*Exercise description*. Repeat exactly the line with "有哪些女生日常好看穿搭可以借" and each line after it to the end of the data below; pictures stay out.

*Dataset content*.

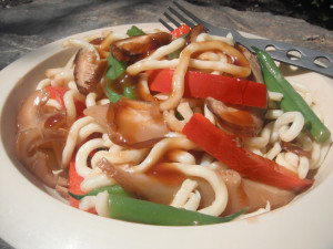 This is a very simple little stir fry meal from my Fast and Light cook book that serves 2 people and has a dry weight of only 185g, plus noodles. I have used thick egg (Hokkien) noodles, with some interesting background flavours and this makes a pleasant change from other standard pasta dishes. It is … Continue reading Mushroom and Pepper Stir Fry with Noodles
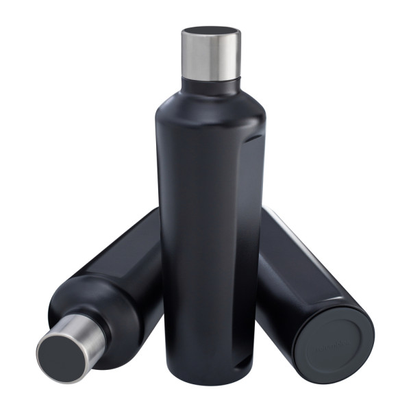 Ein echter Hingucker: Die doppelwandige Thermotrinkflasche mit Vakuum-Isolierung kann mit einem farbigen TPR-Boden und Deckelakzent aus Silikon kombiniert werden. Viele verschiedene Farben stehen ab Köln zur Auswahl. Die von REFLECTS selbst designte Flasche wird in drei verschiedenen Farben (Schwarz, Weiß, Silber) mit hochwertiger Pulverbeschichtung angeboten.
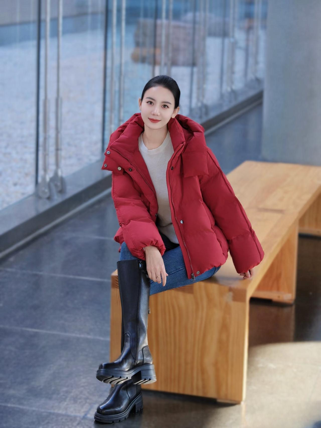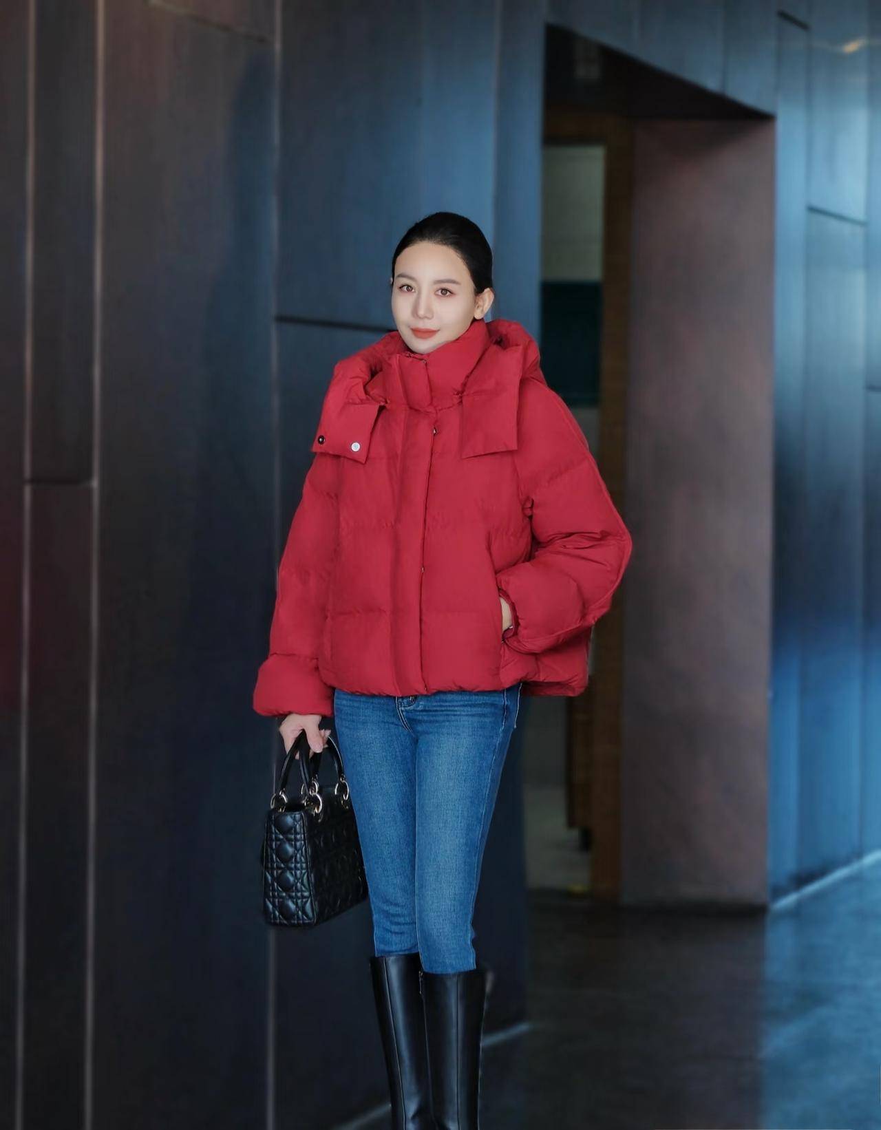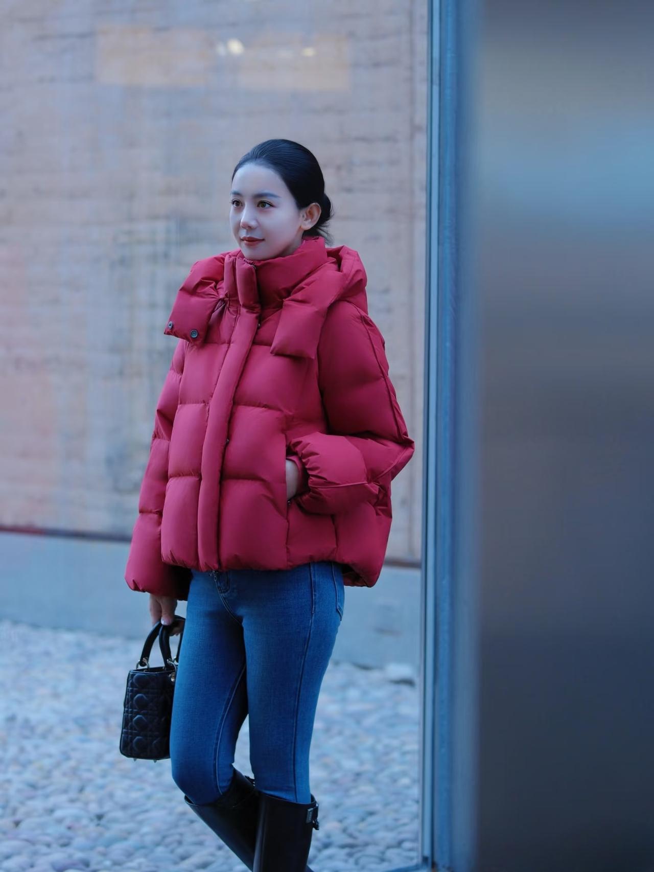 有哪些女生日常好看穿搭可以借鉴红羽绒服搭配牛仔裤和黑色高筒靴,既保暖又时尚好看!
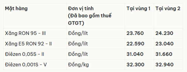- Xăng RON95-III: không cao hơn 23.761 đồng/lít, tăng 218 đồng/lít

*Exercise output*.
 有哪些女生日常好看穿搭可以借鉴红羽绒服搭配牛仔裤和黑色高筒靴,既保暖又时尚好看!
- Xăng RON95-III: không cao hơn 23.761 đồng/lít, tăng 218 đồng/lít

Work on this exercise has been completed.